- _Requirement_: The full listing, minus its pictures, should be printed again exactly as it stands.

═════ Dataset extract

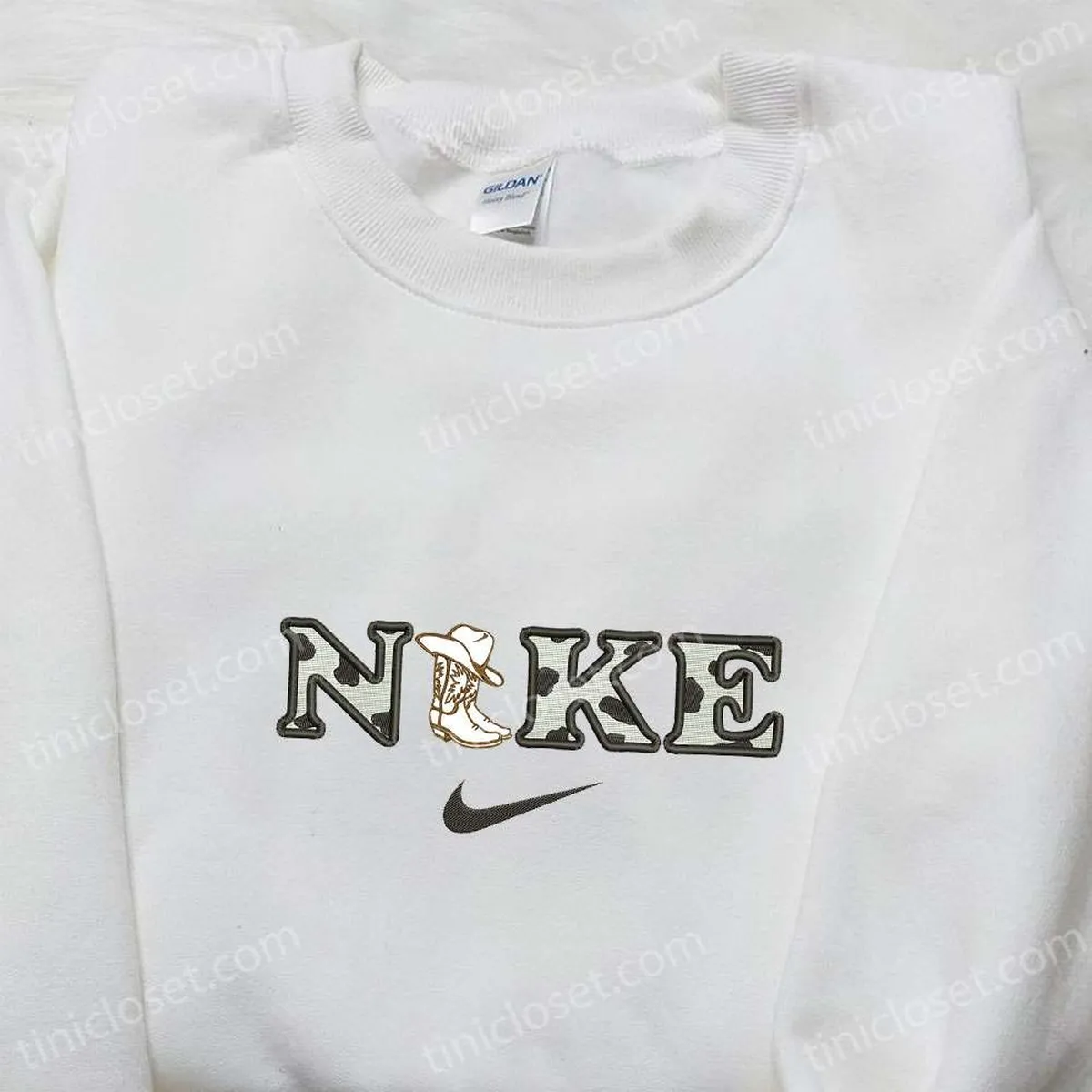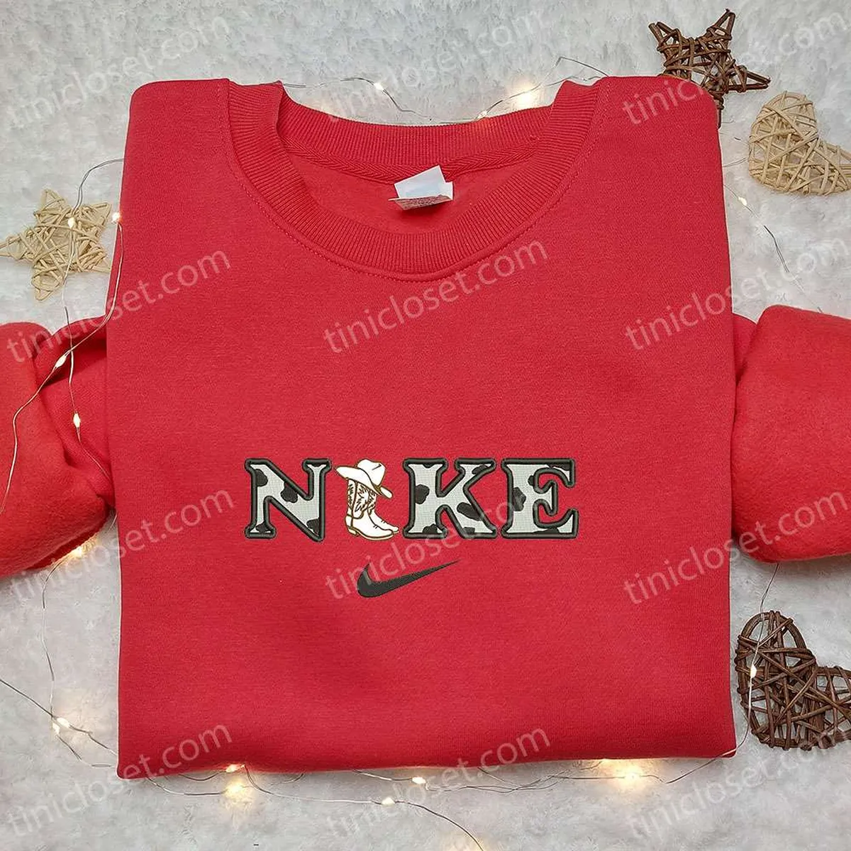 Cowboy Boots And Hat x Nike Embroidered Shirt, Nike Inspired Embroidered Hoodie, Best Gifts For Family
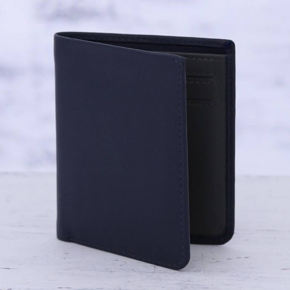 Sleek Navy Blue Leather Wallet from India 'Noble Navy' Item ID: 2671791115
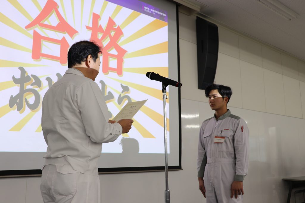 【表彰!】JLPT(日本語能力試験)資格試験合格者 2024.02.08 2月5日(月)に自動車整備留学生科で全体朝礼を実施し、2023年12月に実施したJLPT(日本語能力試験)にチャレンジし、合格した学園生の表彰を行いました。留学生は、ホンダ学園で自動車の知識・技術を身に付けることはもちろんですが、日本で生活し、働くうえで必要となる日本語のスキルも同時に伸ばさなくてはいけません。留学生は、アルバイト先でも、学園卒業後に働く場所となる企業様からも、更なる日本語能力の向上を期待されています。限られた時間の中でしっかり勉強に取り組み、合格という成果を出した留学生の皆さん、本当におめでとうございます。 成功し続けるまで挑戦!

══════════

- _Exercise response_:
 Cowboy Boots And Hat x Nike Embroidered Shirt, Nike Inspired Embroidered Hoodie, Best Gifts For Family
 Sleek Navy Blue Leather Wallet from India 'Noble Navy' Item ID: 2671791115
 【表彰!】JLPT(日本語能力試験)資格試験合格者 2024.02.08 2月5日(月)に自動車整備留学生科で全体朝礼を実施し、2023年12月に実施したJLPT(日本語能力試験)にチャレンジし、合格した学園生の表彰を行いました。留学生は、ホンダ学園で自動車の知識・技術を身に付けることはもちろんですが、日本で生活し、働くうえで必要となる日本語のスキルも同時に伸ばさなくてはいけません。留学生は、アルバイト先でも、学園卒業後に働く場所となる企業様からも、更なる日本語能力の向上を期待されています。限られた時間の中でしっかり勉強に取り組み、合格という成果を出した留学生の皆さん、本当におめでとうございます。 成功し続けるまで挑戦!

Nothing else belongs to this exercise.